On another occasion, I was waiting for my partner’s arrival and decided to put on the harness and dildo ahead of time. I covered myself and the dildo with a bathrobe, but there was no mistaking the fact that when I looked down there was sticking out what looked like a large firm erection. For a brief instant, it brought back my fear that wearing a dildo would force me to confront in a demoralizing fashion my own failed phallus, my mutilated masculinity. But that was not at all what I felt. Instead, I felt joyfully empowered.
My thoughts went to a glib one-liner from my lesbian friend: “A dyke with a dildo can outlast a male anytime.” I realized that that was equally true for a prostate cancer patient with a dildo, and I almost started laughing. I was playing a role and doing it better than I ever could before I became impotent. I had acquired a performance capability that surpassed “male” and I was thoroughly enjoying the “play” part of sex. When I reported this experience to my lesbian friend, she suggested that my partner and I explore oral sex with the dildo.

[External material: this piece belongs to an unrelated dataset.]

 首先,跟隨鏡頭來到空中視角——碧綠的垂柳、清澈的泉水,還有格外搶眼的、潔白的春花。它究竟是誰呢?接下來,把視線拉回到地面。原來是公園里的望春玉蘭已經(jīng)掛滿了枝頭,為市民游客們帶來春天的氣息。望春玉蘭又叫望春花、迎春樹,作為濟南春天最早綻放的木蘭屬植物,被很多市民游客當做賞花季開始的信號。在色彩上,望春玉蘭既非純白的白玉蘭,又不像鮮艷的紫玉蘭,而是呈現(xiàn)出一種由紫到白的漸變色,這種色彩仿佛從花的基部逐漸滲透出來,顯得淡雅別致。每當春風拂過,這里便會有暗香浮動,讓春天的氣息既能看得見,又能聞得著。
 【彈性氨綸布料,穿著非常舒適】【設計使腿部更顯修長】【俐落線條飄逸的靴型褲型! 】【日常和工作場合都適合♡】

Once again, my first thought was, “That’s absurd.” But since everything else she suggested had worked better than I could have imagined, my partner and I took on the challenge. Simply stated, there has now been enough acceptance of the dildo as a sexual object—and transference from “object” to “organ”—that the visual image of my partner mouthing the dildo was indeed highly erotic in the context of our sex play. On another occasion, in order to tease me, my partner started playing with the dildo in a flirtatious fashion outside of the bedroom. I found the activity erotic and sufficiently distracting that I had to ask her to stop so that I could concentrate on what I was doing.
[Warkentin, K.M., Gray, R.E., & Wassersug, R.J. (2006). Restoration of Satisfying Sex for a Castrated Patient with Complete Impotence: A Case Study. Journal of Sex & Marital Therapy, 32, 389-399.]

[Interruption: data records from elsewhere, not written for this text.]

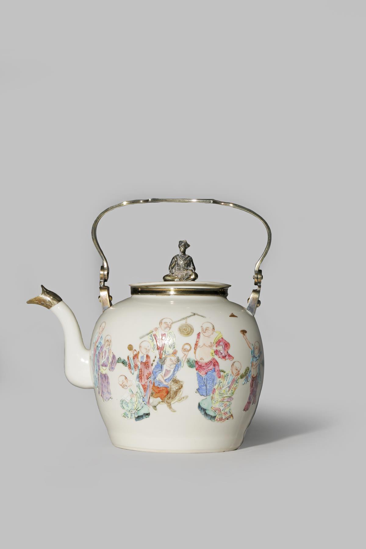 Painted with the eighteen arhats holding their attributes, a small dragon emerging from clouds above, the spout, rim and handle in white metal decorated with scrolls and with imitation punch marks, the cover surmounted by a seated man, 16cm. (2)
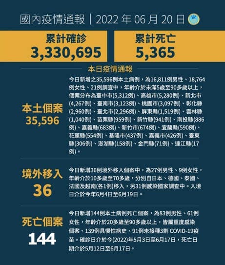 臺灣中央流行疫情指揮中心6月20日公布新增35,632例COVID-19確定病例,分別為35,596例本土個案及36例境外移入;另確診個案中新增144例死亡。
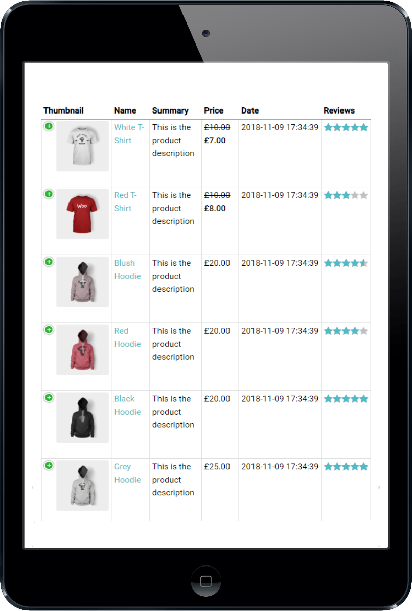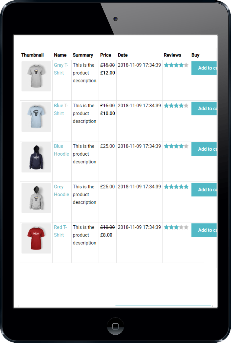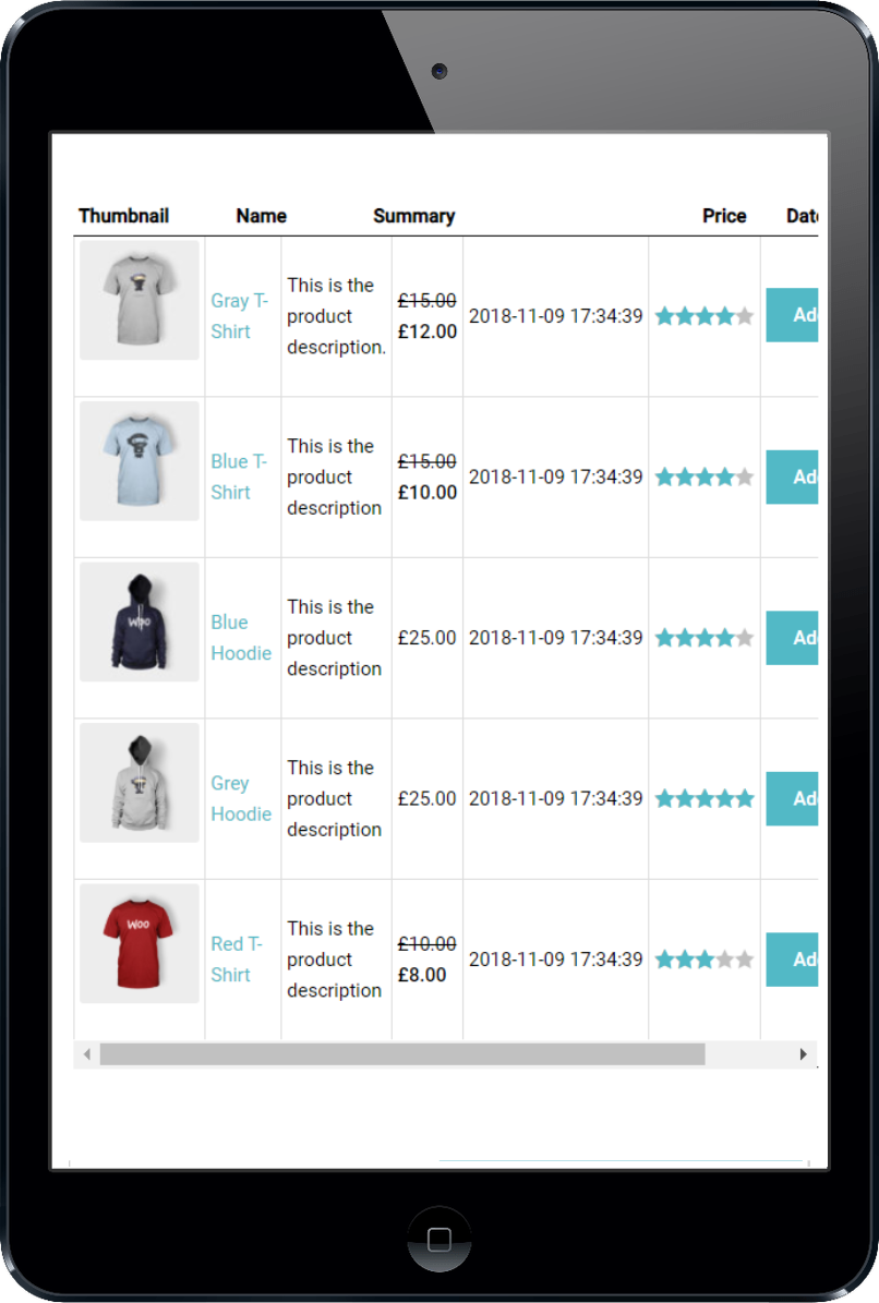 WooCommerce Product Table comes with 4 responsive modes to control the tables behave on different screen dimensions (PC, mobile phones and tablets):

How did the use of a strap-on help this couple rediscover their sexual life together?
The strap-on and manual penile stimulation allowed a fully impotent man to become orgasmic again and to satisfy his partner. This was only possible because of the acceptance, cooperation, and participation of his partner. The dildo was not “his” dildo, but “their” dildo.
The strap-on allowed for natural thrusting movements without fear of coming out of the vagina. This permitted sensual belly-to-belly, breast-to-breast, and eye-to-eye contact. The penis was external, so it could be stimulated manually, particularly the head. The moist environment provided by the partner’s lubricated hand, with firm and rhythmic manual penile stimulation, resulted in an orgasm. Enhanced vaginal stimulation was more satisfying for the partner, allowing orgasm during penetration.

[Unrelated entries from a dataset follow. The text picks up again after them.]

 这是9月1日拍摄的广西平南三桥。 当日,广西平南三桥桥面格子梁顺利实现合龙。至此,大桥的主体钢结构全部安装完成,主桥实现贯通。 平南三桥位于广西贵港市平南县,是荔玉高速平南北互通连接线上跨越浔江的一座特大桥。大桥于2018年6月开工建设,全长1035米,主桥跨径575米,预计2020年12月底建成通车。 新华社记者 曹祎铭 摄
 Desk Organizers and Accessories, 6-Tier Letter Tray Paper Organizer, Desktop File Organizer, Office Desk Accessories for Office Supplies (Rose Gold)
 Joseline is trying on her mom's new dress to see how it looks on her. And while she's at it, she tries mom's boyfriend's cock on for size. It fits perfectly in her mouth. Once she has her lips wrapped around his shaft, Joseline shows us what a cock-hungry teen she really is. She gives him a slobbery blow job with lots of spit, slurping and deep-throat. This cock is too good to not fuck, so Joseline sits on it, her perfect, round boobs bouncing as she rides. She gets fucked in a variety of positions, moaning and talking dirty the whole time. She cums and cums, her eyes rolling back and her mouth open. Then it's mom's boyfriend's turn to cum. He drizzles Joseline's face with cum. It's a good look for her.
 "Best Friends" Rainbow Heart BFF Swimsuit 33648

What is the take-home message?
- Sexuality, sexual satisfaction, and orgasm are deeply rooted in the brain.
- Orgasm can occur in the absence of testosterone.
- Strap-ons allow for natural pelvic movements, full body contact, effective mutual genital stimulation, and elimination of performance anxiety.
- Strap-on dildo sex is an effective option for those with ED who don’t respond well to medical treatment.
- For more on strap-ons and other helpful sexual aids for men, see our article: Sex Toys for Erectile Dysfunction
References
[Warkentin, K.M., Gray, R.E., & Wassersug, R.J. (2006). Restoration of Satisfying Sex for a Castrated Patient with Complete Impotence: A Case Study. Journal of Sex & Marital Therapy, 32, 389-399.]